The Enterprise Brain is powered by our proprietary vector similarity engine called TopicBrain.

  • Topic encodes data as high-dimensional vectors that can be joined together, indexed, searched, and compared using the top-performing nearest neighbors algorithm.

  • It finds clusters within large datasets and extracts human-readable topics from text, enabling previously impossible workflows for information discovery.

  • The API offers a wide range of functionality for data scientists who want to integrate their own tools.

In machine learning, there is “No Free Lunch” when it comes to models, no one-size-fits-all solution to all problems. For a given piece of text, there is no singular “meaning” that can be represented as a vector. So we designed TopicBrain to be flexible. General-purpose and subject expert BERT models are provided out-of-the-box, and any model with a transform() method can be integrated and used to create vectors. Additionally, TopicBrain supports weighted vector concatenation, meaning that multiple models (and multiple modalities) can be used simultaneously on the same data.

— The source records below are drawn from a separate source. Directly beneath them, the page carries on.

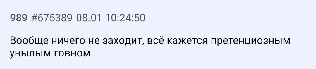 >>114343 >В чмаче мочух временно перестал тереть щитпост и чатики. Это я уже проходил на прошлогодних праздниках. Решил вернуться туда и вроде бы всё нормальное было какое-то время, а потом началось. Нет. Чмач закрыт для меня навсегда. >>114344 Ну сегодня ещё можно попробовать и здесь. >>114345 Ты блатной просто.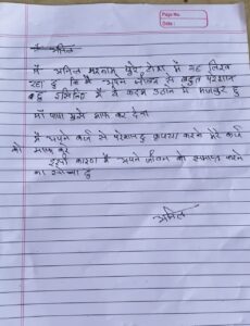 एएसपी अभिषेक झा ने बताया कि पुलिस यह जांच कर रही है कि मृतक पर कितना कर्ज था और उसे कौन परेशान कर रहा था। सुसाइड नोट में अनिल ने लिखा कि वह अपने जीवन से बहुत परेशान था और इसी कारण यह कदम उठाने के लिए मजबूर हुआ। उसने अपने माता-पिता से क्षमा मांगते हुए लिखा कि वह कर्ज से परेशान था और कृपया उसके कर्ज माफ करने की व्यवस्था की जाए।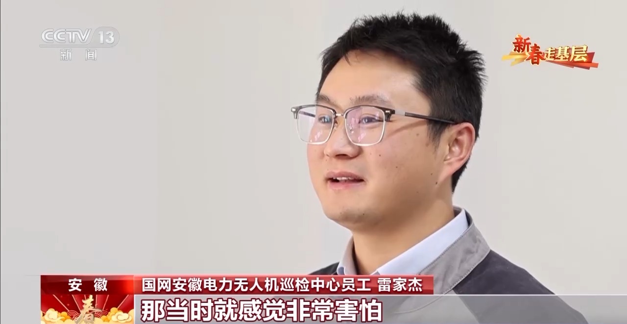 國(guó)網(wǎng)安徽電力無(wú)人機(jī)巡檢中心員工 雷家杰:第一次飛,就把無(wú)人機(jī)搞壞了。一架好幾萬(wàn),頂我一年的工資,當(dāng)時(shí)就感覺(jué)非常害怕?,F(xiàn)場(chǎng)不敢飛了,一看飛機(jī)離塔那么近,我手抖,后來(lái)腿都抖。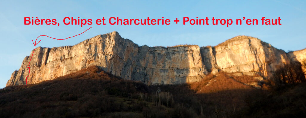 Arrivés à la vire médiane, endroit idéal pour saucissonner, nous avons rejoint le départ des cinq longueurs terminales de “Point Trop n’en Faut”. Une voie TA chichement équipée et qui se déroule essentiellement en fissures cheminées que j’ai trouvées éreintantes !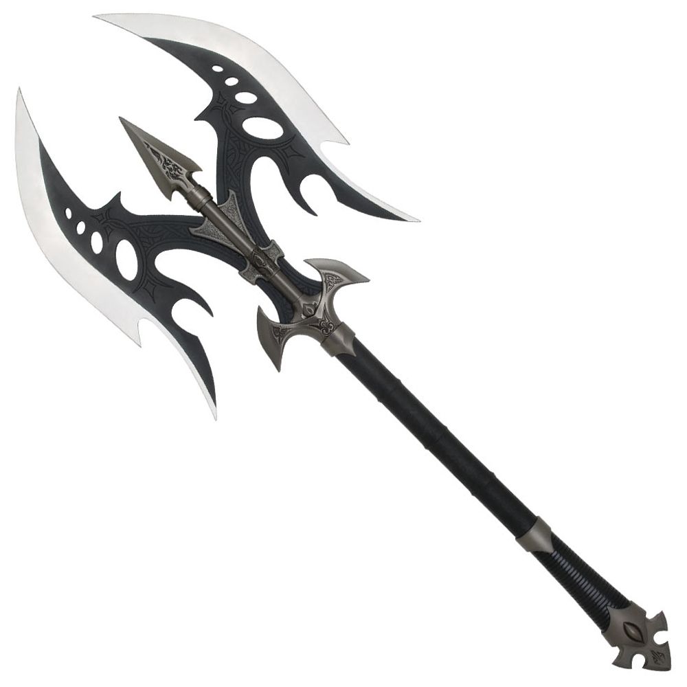 The fiercest of the Black Legion were the Barumen Axemen of Lokonia. These were the main vanguard of The Dark One’s army, made up of the largest and most ferocious of Barumen soldiers. They were heavily armored in plate steel and leather and each wielded two great Battle Axes which they used with deadly skill. The Battle Axe was one of the few weapons forged by the Dark Elves in mass, each one being shaped nearly the same. Every Axeman carried two identical battle axes, with hooked and curved blades, leather grips and skull crushing pommels. The Black Legion Battle Axe could be used to chop like a traditional axe but could also be used to hook and pull an enemy. The Battle Axe could be thrown with deadly precision, and its twin points were devastating. The mere sight of this weapon caused many to retreat in battle rather than face its terrible edge.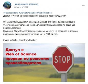 С 1 мая 2022 года доступ к базе данных Web of Science для организаций-участников централизованной подписки 2021 года прерван по решению правообладателя.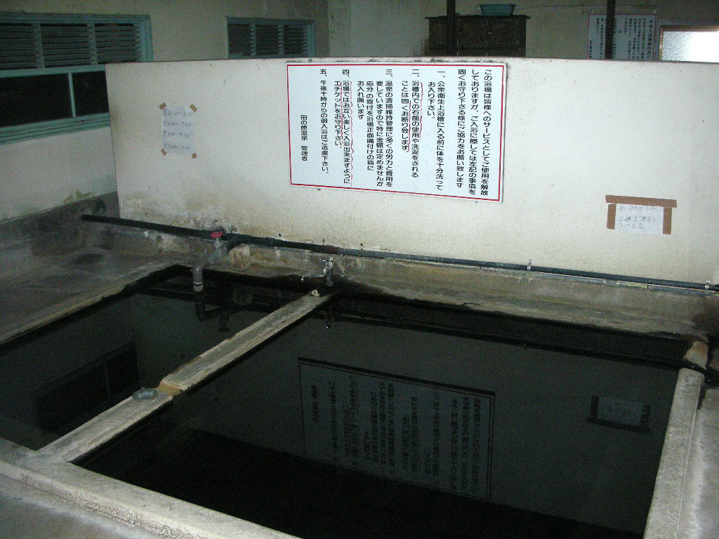 穴湯と地蔵湯の2軒があり、どちらも8:00〜19:00。100円。

Vectors of all kinds are made searchable by building Approximate Nearest Neighbors indexes. TopicBrain uses ScANN, which boasts the highest Recall/Speed tradeoff among ANN algorithms, to provide lightning-fast results searching over billions of documents. To build indexes in a fast and highly available way, TopicBrain leverages auto-scaling and shards its indexes across multiple nodes. This combination of speed and accuracy means that users can get results faster and enable new workflows more easily.

Organizations need their data to be discoverable the day that it enters the system, and their resources need to scale with the amount of data streaming in. TopicBrain stores content and vectors in a multi-tenant SQL database with a custom graph schema. Boards created through the user interface are linked, through this graph, to the pieces of content that define them. New content added to the database is automatically vectorized and integrated into existing indexes.

The TopicBrain API is available to application developers with access to the cluster endpoints. This API can infer vectors and topics for new text, list available indexes, build new distributed indexes, and find Nearest Neighbors for primary keys in the database. Because the API exposes only vectors and primary keys for content, and not the content itself, developers can build on it with whatever limited database permissions they have.